2. Ensuite, la mémoire à court terme permet d’enregistrer, pendant une courte période, des informations provenant de la mémoire sensorielle. C’est la mémoire que l’on utilise, par exemple, pour retenir les numéros de voiture et de siège indiqués sur notre ticket, le temps de trouver notre place dans un train. La quantité d’information qui peut être stockée à un moment donné dans la mémoire à court terme est limitée à environ 7 ± 2 items selon les personnes. On parle également de mémoire de travail pour désigner la mémoire à court terme, dans la mesure où cette mémoire permet de faire des opérations sur les informations stockées.

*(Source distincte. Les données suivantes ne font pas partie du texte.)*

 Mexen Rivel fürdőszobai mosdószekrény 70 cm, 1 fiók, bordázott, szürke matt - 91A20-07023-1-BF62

3. Finalement, la mémoire à long terme permet de stocker les informations sur une très longue période de temps. Cette mémoire nous permet d’emmagasiner nos souvenirs, nos connaissances, en d’autres termes, notre histoire. Elle peut être divisée en mémoire procédurale (implicite) et mémoire déclarative (explicite). La mémoire procédurale correspond aux savoir-faires, comme savoir faire du vélo. La mémoire déclarative est subdivisée en mémoire épisodique et mémoire sémantique. La mémoire épisodique est une mémoire autobiographique ; elle permet à l’individu de se rappeler les épisodes de sa vie et est organisée de façon spatio-temporelle. C’est une mémoire fortement émotionnelle et dépendante du contexte. La mémoire sémantique permet à un individu de stocker ses connaissances sur le monde. Elle permet, par exemple, de savoir qui est l’actuel président de la République. Contrairement à la mémoire épisodique, elle est indépendante du contexte d’acquisition et l’accès aux informations stockées est très rapide.

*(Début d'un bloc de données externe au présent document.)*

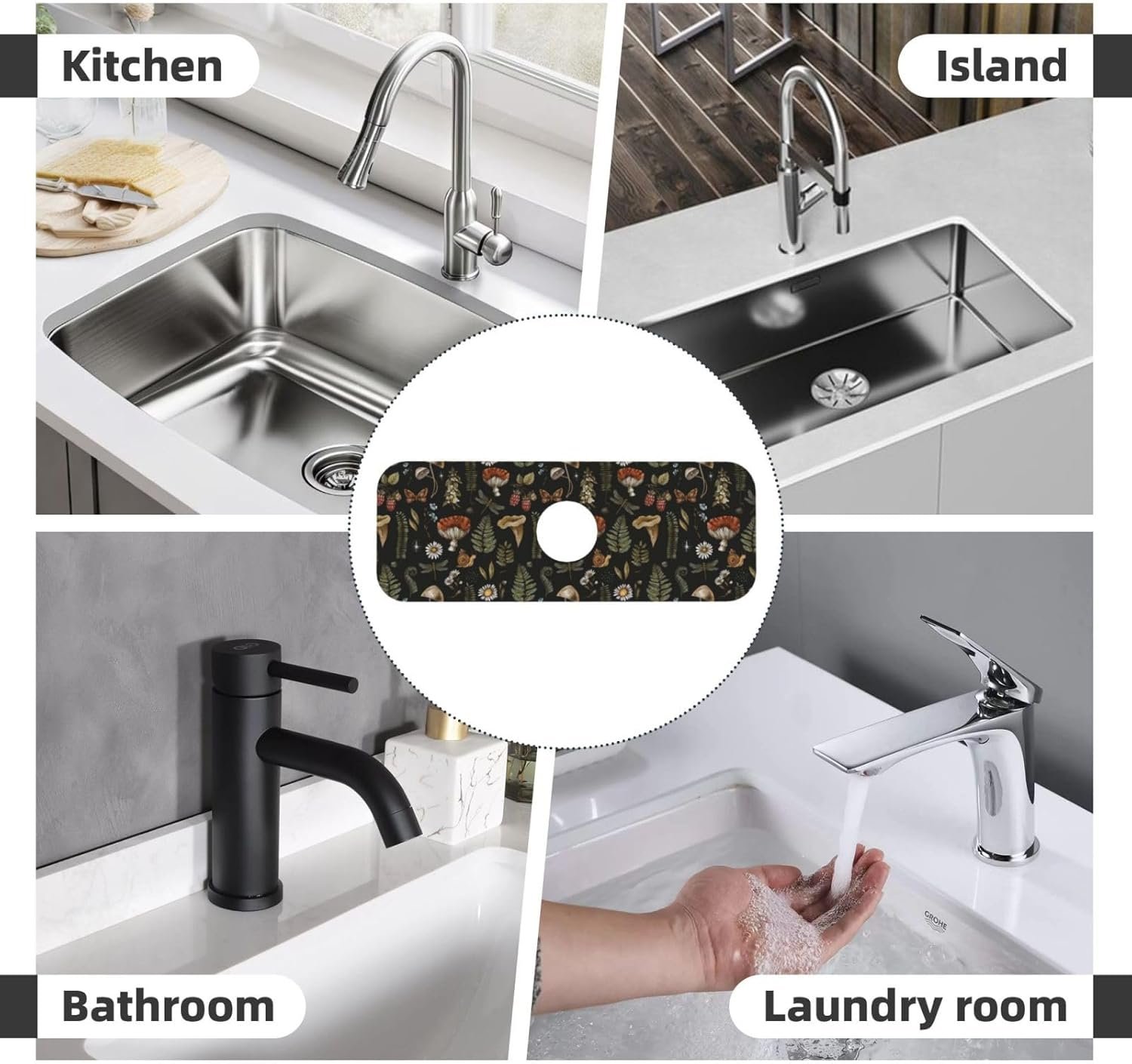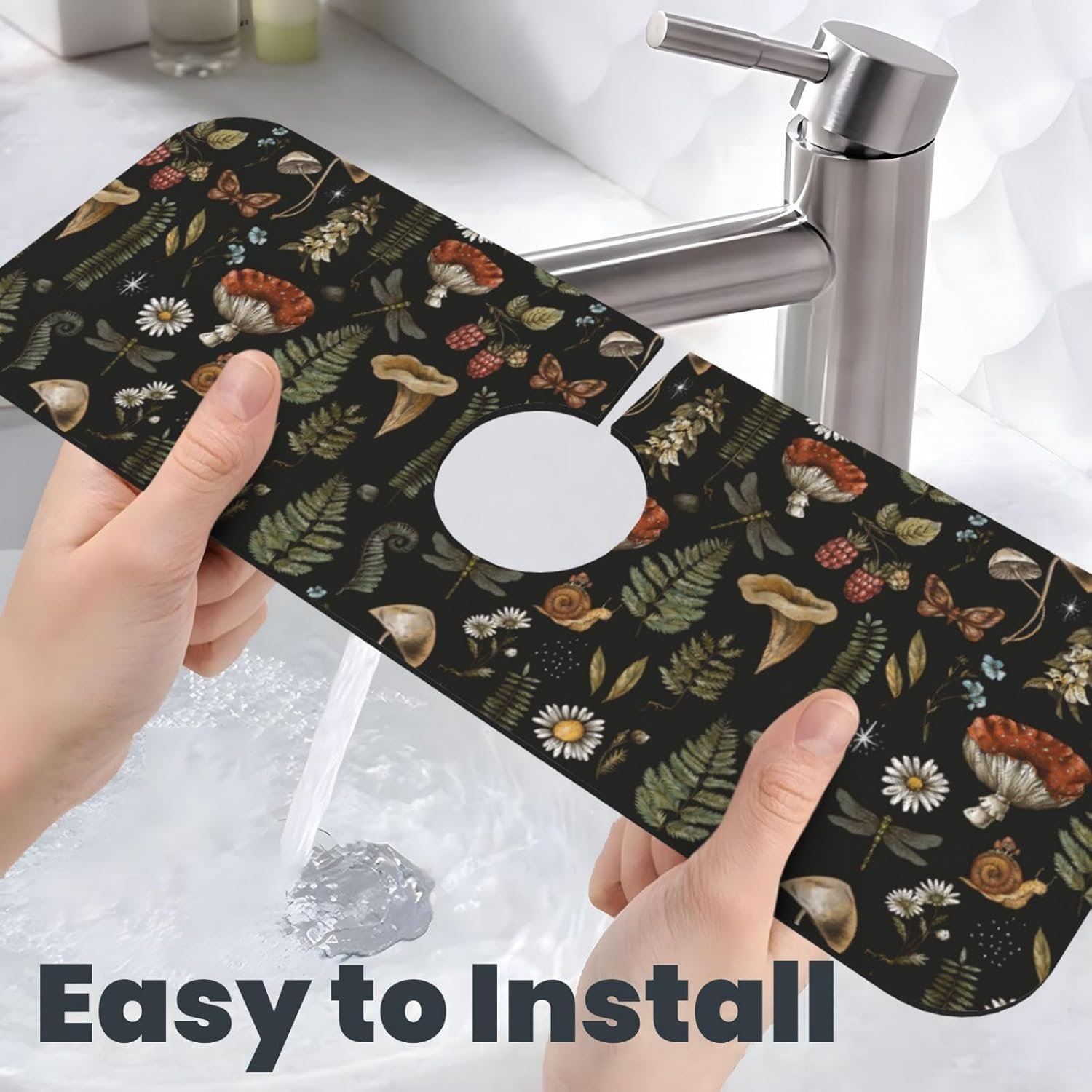 Widely Application: This Kitchen Sink Splash Guard Faucet Mat can also as a faucet mat for bathroom sink, organizing small items like toothbrush cup, dish soap, liquid hand soap. It fits most of sink faucets in kitchen, bathroom, camper, RV, laundry room

Vous l’avez compris, la mémoire d’une expérience est très liée à la quantité et au niveau d’informations qu’elle contient : plus l’expérience est dense et riche, plus elle sera mémorable. Donald A. Norman va même plus loin lorsqu’il écrit : « De nombreuses preuves en psychologie montrent que le début et la fin d’une expérience sont tous deux les plus critiques pour déterminer le souvenir d’un événement : on appelle cela l’effet de position sérielle. On en déduit une règle appliquée en design : Start strong. End strong ». Sans compter que certains éléments bien précis dans l’expérience vont influencer fortement le souvenir : le fait par exemple de dépasser les attentes des consommateurs de manière inattendue et de créer l’heureuse surprise. Tout un art !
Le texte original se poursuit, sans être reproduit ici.